Hey everyone !  My little cudi is my first pup so im a newbie on the puppy care stuff ... I thought any pet shampoo will do good but boy was i wrong! I went to petco and bought "Natural Espree Puppy Shampoo babyscent" And the Smell is horrible!! Smells really bad ... Does anyone have any good shampoos/conditioners for my little cudi ?? Something fresh and nice smelling please


----------



## The Fussy Puppy Gang (May 21, 2007)

Our favorite is The Coat Handler Shampoo and their conditioner. Pepper smells absolutely wonderful after his baths - and beyond! We also use The Coat Handler Detangler spray for brushing because we get so much static here and the spray does not build up on his coat. Great product!
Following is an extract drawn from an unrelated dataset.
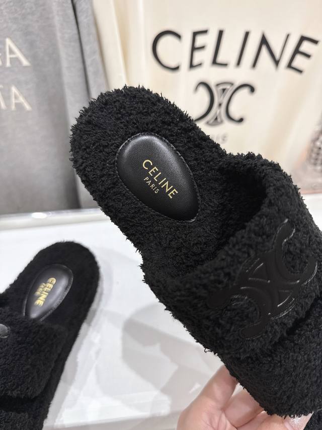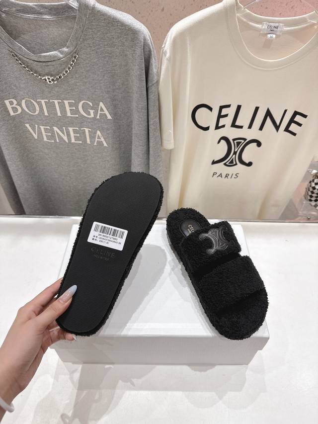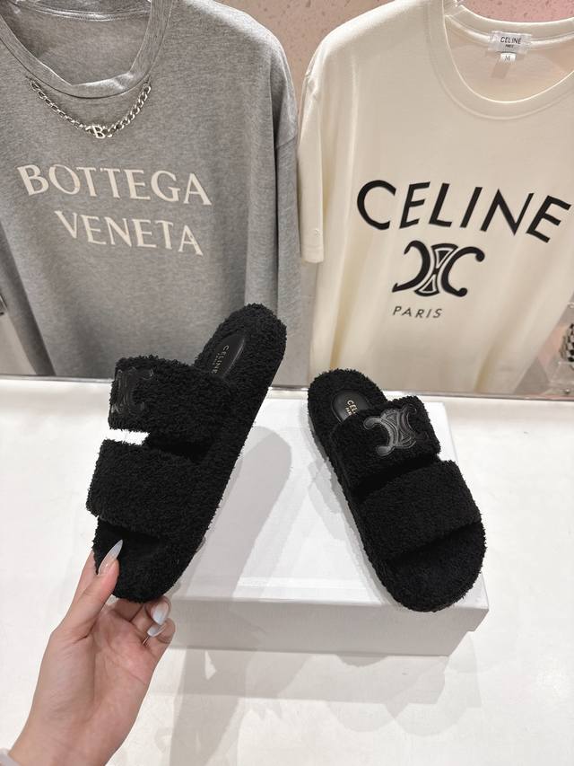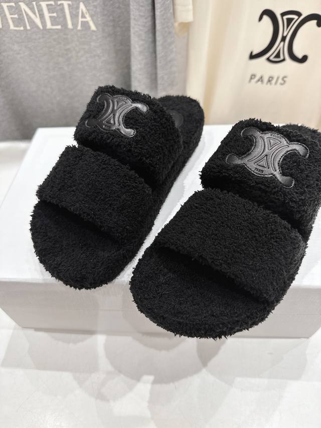 Celine 2025Ss new warm home Arc de Triomphe furry slippers

But I know the others here have many other choices that they love, too.


----------



## shimpli (Mar 24, 2010)

I was using Pure Paws Shampoo and Coat Handler Conditioner. I like them but I forgot to buy them online on time and my puppy needed a bath so I went to Petsmart and I bought BOUNCE Hypoallergenic Shampoo and BOUNCE Satin Coat Conditioner and I LOVE them. !!! The smell is great and her coat feels as good or better than with the Coat Handler. So this is another option and you can find it in Petsmart.


----------



## motherslittlehelper (Mar 18, 2010)

You might try going through old threads in the Grooming section of the forum. I believe there have been a 'few' discussions on shampoos. Like anything else, people's opinions are going to be all over the place with regard to fragrance - too strong, too whatever - and how the shampoos react with their particular dog's coat. What may work well on one dog may not be the best for another dog in the same family, etc. The bathtub where I bathe Augie is lined with various shampoos/conditioners - AND I AM NOT KIDDING!!!  A few of my favorites are the Pure Paws Reconstructive shampoo, Plush Puppy products, and right now we are liking Nature's Specialties Plum Silky and Plum Tastic conditioner (makes him smell like a smoothie). Have heard others mention a human shampoo - Pantene. And someone else the Bio Groom shampoos which I think I have seen at PetCo. You may have to experiment a bit. The ones I used and liked on Augie as a puppy do not do well on his longer, more adult hair. As a puppy, I liked the Paul Mitchel oatmeal shampoo on him.


----------



## irnfit (Nov 21, 2006)

I use #1 All Systems for Kodi. I just love it for his type of coat. I can use just about anything on Shelby and she will look great. Right now I am finishing up using Plush Puppy that I have. I also like Isle of Dog for both dogs.


----------